TASK BRIEF:
Only the lines from the start of the data to the line containing "江西省瑞金市叶坪镇华屋村村民", both included, should be output, exactly and without pictures.

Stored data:
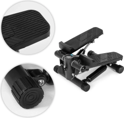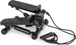 Kompakten stepper z uporovnimi ekspanderji za domačo vadbo omogoča učinkovito krepiti spodnji in zgornji del telesa, izboljšati kondicijo in kuriti kalorije. Robusten okvir iz jekla, ABS in TPE, nedrseče pedala, nastavljiva intenzivnost ter 5-funkcijski LCD zaslon za spremljanje časa, korakov in kalorij. Priloženi sta zaščitna podloga in stabilne nogice za varno vadbo na vsaki podlagi.
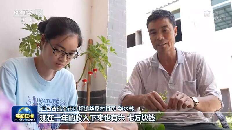 江西省瑞金市叶坪镇华屋村村民 华水林:以前我们住土坯房,现在住上了小洋楼,以前我们口袋都是空空的,现在一年的收入有六七万块钱,做梦都没想到现在的日子会过得这么好。
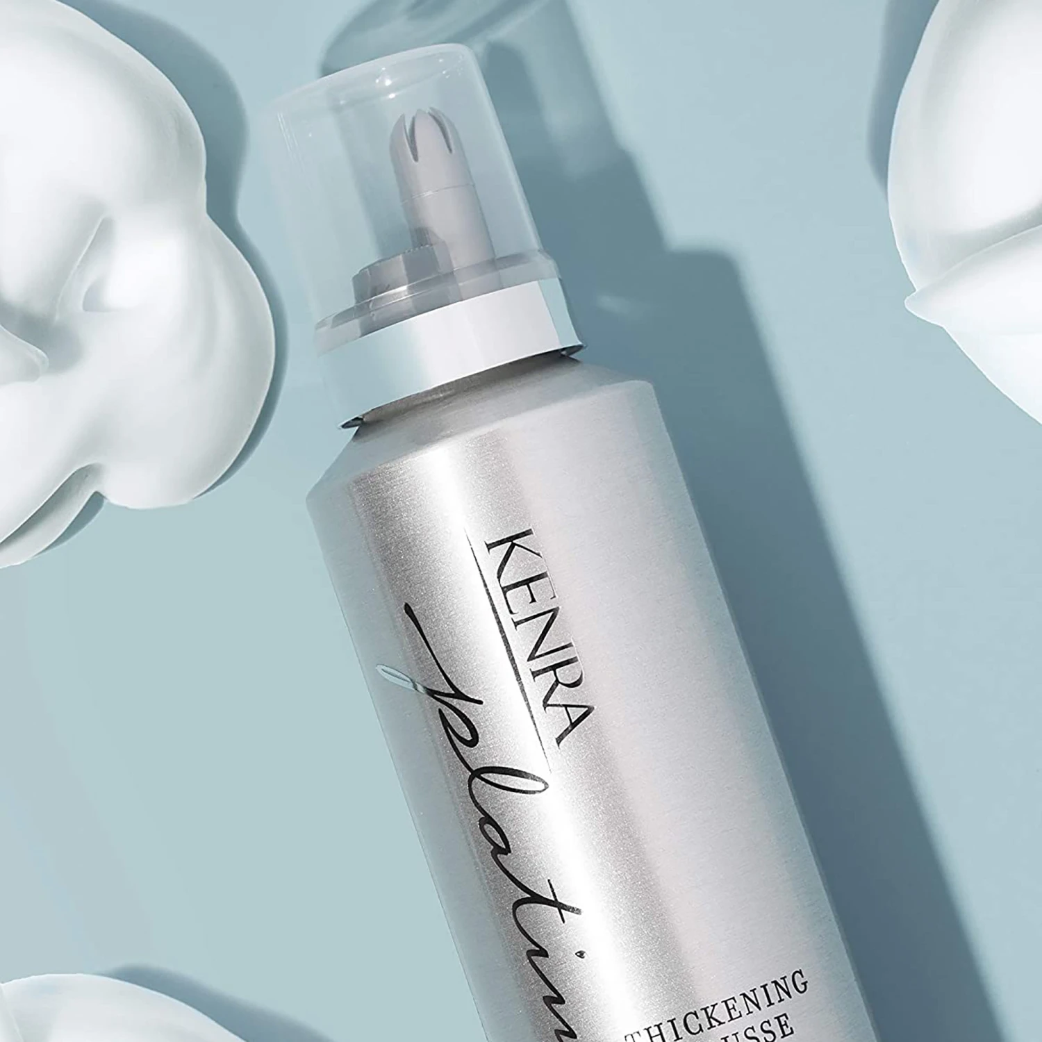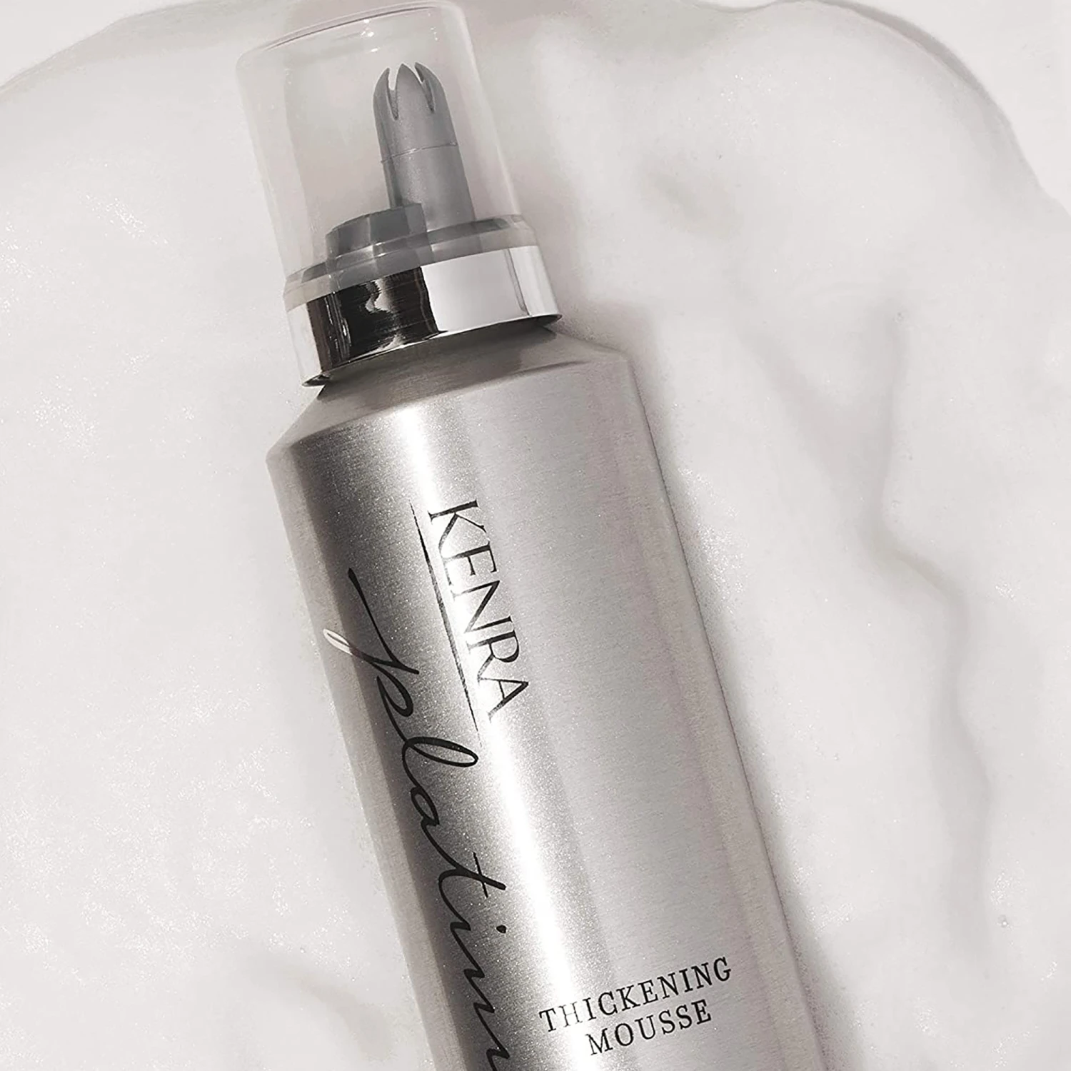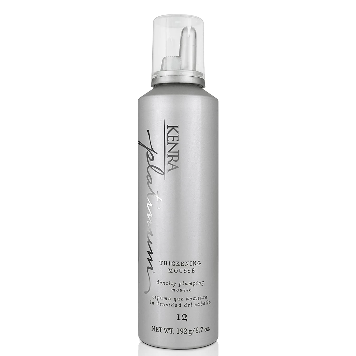 Kenra Platinum Thickening Mousse 12 plumps each strand of hair and adds fullness and body to achieve the appearance of thicker hair. This ultra-lightweight formulation resists humidity for up to 48 hours. Increases density of the hair shaft, Significantly increases body for up to 24 hours, Flexible, light hold lasts up to 24 hours, Non-flaking, brushable finish, Thermal protection.
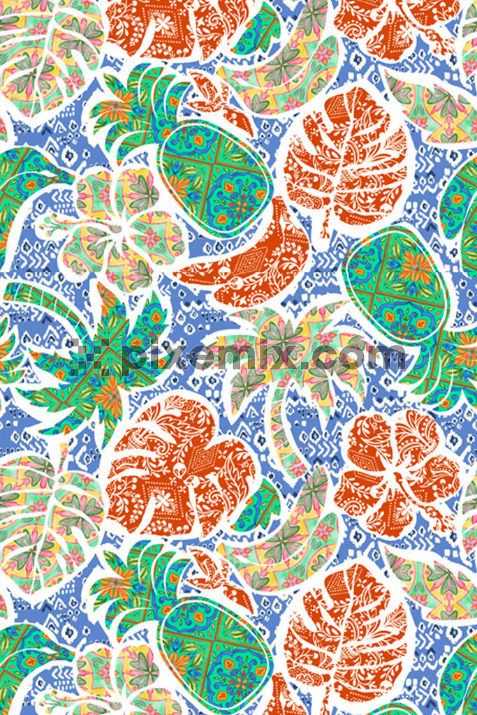 Tropical fruit and leaf pattern with vibrant textures and tribal blue background product graphic.
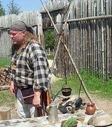 There were three major influences that molded the lives of voyageurs. Firstly, their background of French-Canadian heritage as farmers featured prominently in their jobs as voyageurs. The latter was seen as a temporary means of earning additional income to support their families and expand their farms.[18] Most voyageurs were born in New France. However, fur trading was not an everyday experience for most of the colonial population. Roughly two thirds of the population did not have any involvement in the fur trade.[19] The second influence came from the Native communities. By experiencing the same conditions as the Natives and interacting with them, the voyageurs learned that using the same clothing and tools as them, they could make the most of their environment. Although this influence worked both ways; the Natives coveted certain objects which they received in trade with the voyageurs.[20] The final influence was the social structure of the voyageurs life. Since this group included only men, it embodied masculinity itself. These men engaged in activities such as gambling, drinking, fighting; interests which were reserved for men of this trade.[20]
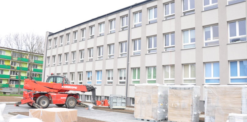 Aktualnie trwają prace wykończeniowe takie jak wymiana posadzek, montaż drzwi, szpachlowanie ścian i sufitów. Większość jest już ukończonych w 90%. Zakończona za to jest termomodernizacja budynku.
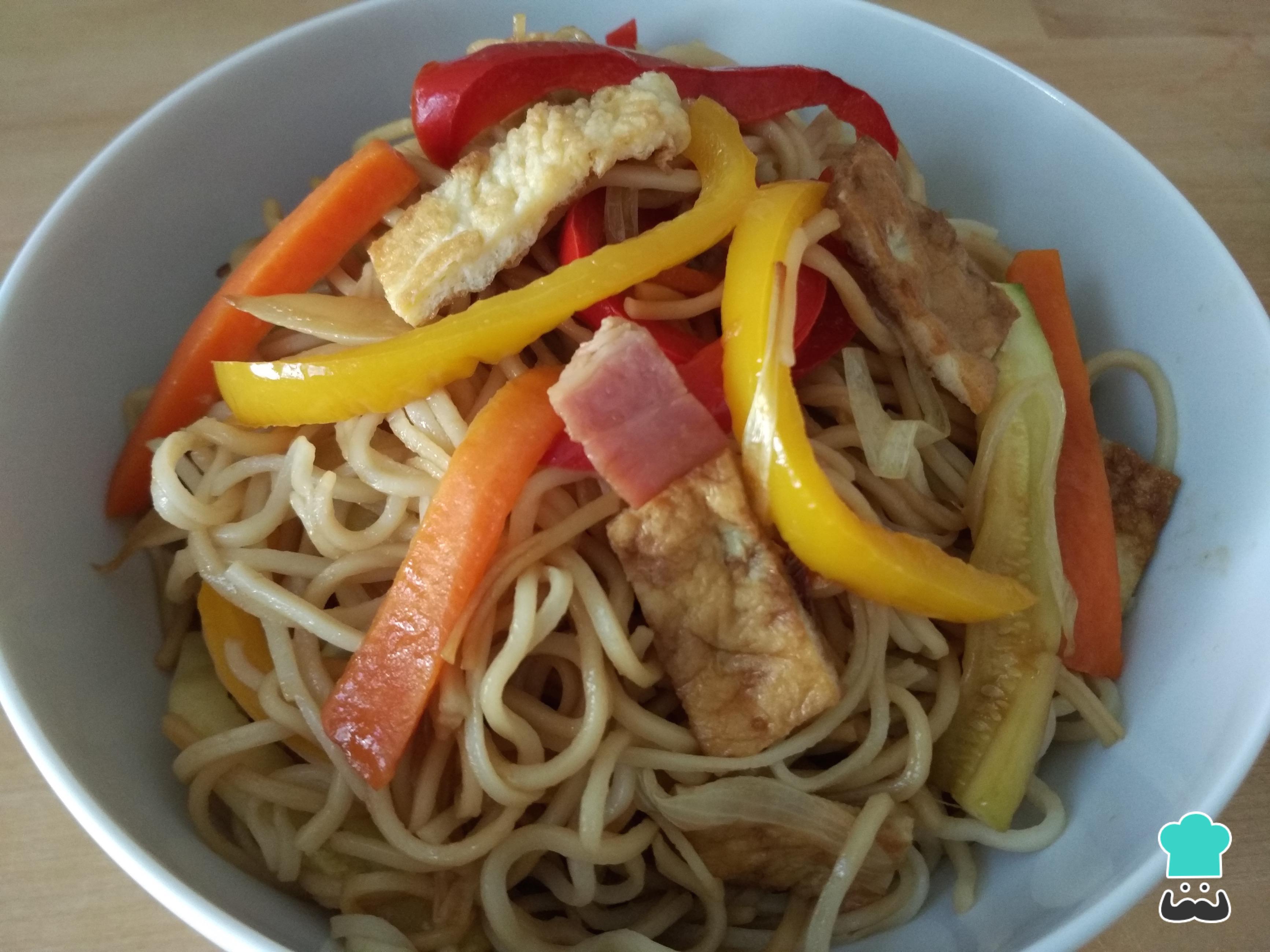 Nosotros hemos variado la receta incluyendo tallarines, agregando bacon y prescindiendo de los guisantes. ¡Probad a preparar estos tallarines chinos y contadnos qué os parece el resultado!
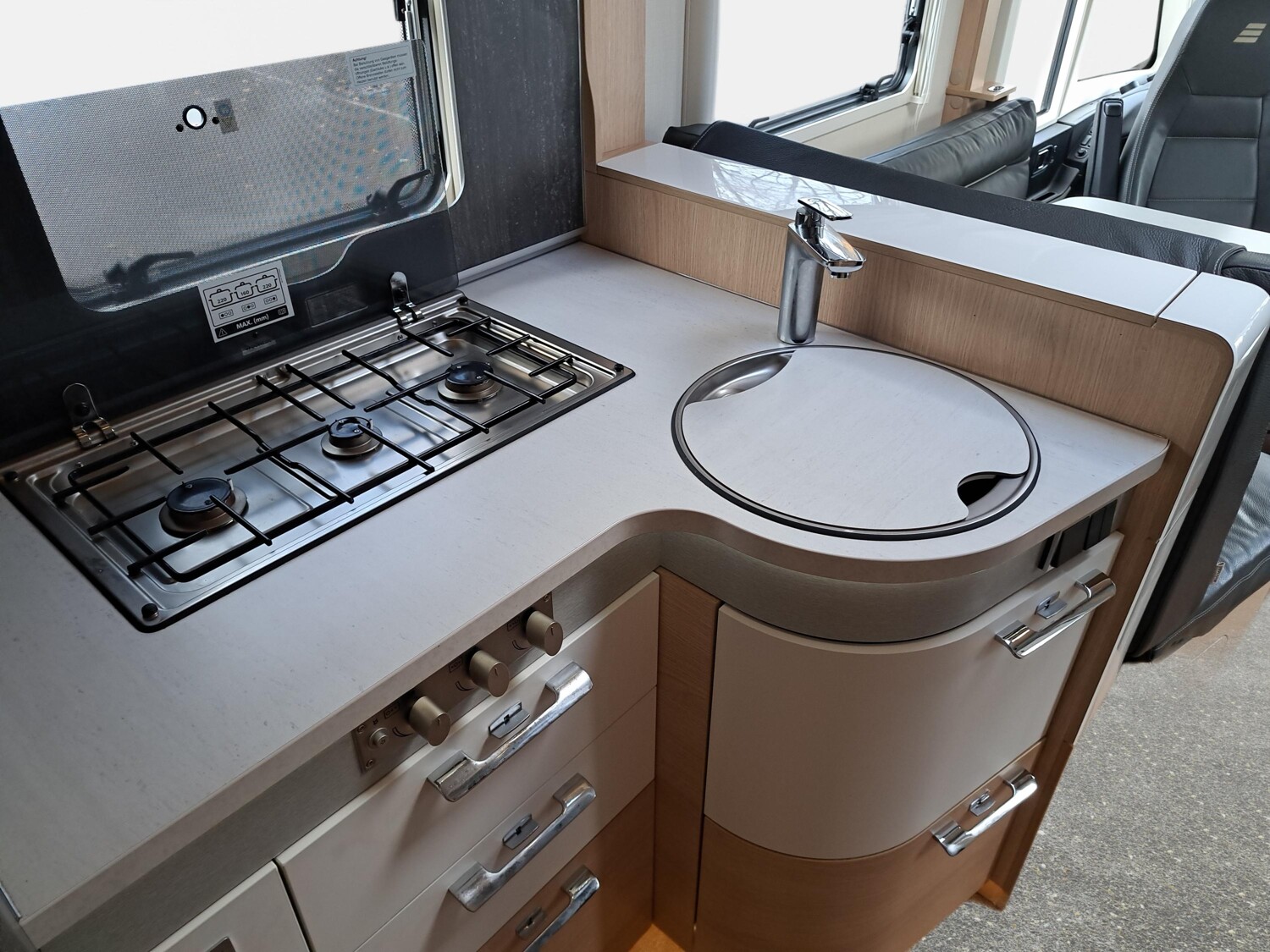 AusstattungFahrzeugABS Abstand-Assistent Fernlicht-Assistent Notbrems-Assistent Einparkhilfe ESP Lichtsensor Multifunktionslenkrad Navigationssystem Radio DAB-Radio Regensensor Russpartikelfilter Servolenkung Tempomat Zentralverriegelung InnenBackofen Doppelboden Isofix Leder Lederlenkrad Rollrost Sitzheizung WC Doppelbett Einzelbetten Hubbett Separate Dusche Seitensitzgruppe AussenAutark Fahrradtraeger GFK Heckgarage Markise Solaranlage ExtrasSAT-Antenne TV Beschreibung
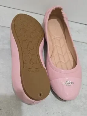 Coach women's ballet flats in light pink with glossy cap toes. Logo plaque on the toe for signature detail. Quilted cushioned insole for comfort. Elasticized heel for a snug fit.
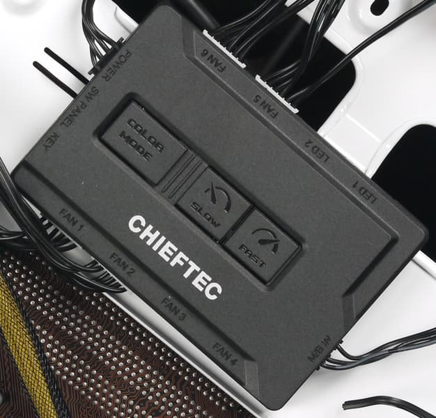 Chieftec Scorpion 3 вполне может оказаться востребованным для типичных домашних систем как благодаря дизайну со стеклянными панелями с двух сторон, так и из-за неплохой оснащенности: четыре ARGB-вентилятора уже есть в комплекте. Многофункциональный контроллер управляет не только подсветкой, но и скоростью вращения вентиляторов, причем полноценное управление осуществляется с радиопульта.

WRITTEN ANSWER:
 Kompakten stepper z uporovnimi ekspanderji za domačo vadbo omogoča učinkovito krepiti spodnji in zgornji del telesa, izboljšati kondicijo in kuriti kalorije. Robusten okvir iz jekla, ABS in TPE, nedrseče pedala, nastavljiva intenzivnost ter 5-funkcijski LCD zaslon za spremljanje časa, korakov in kalorij. Priloženi sta zaščitna podloga in stabilne nogice za varno vadbo na vsaki podlagi.
 江西省瑞金市叶坪镇华屋村村民 华水林:以前我们住土坯房,现在住上了小洋楼,以前我们口袋都是空空的,现在一年的收入有六七万块钱,做梦都没想到现在的日子会过得这么好。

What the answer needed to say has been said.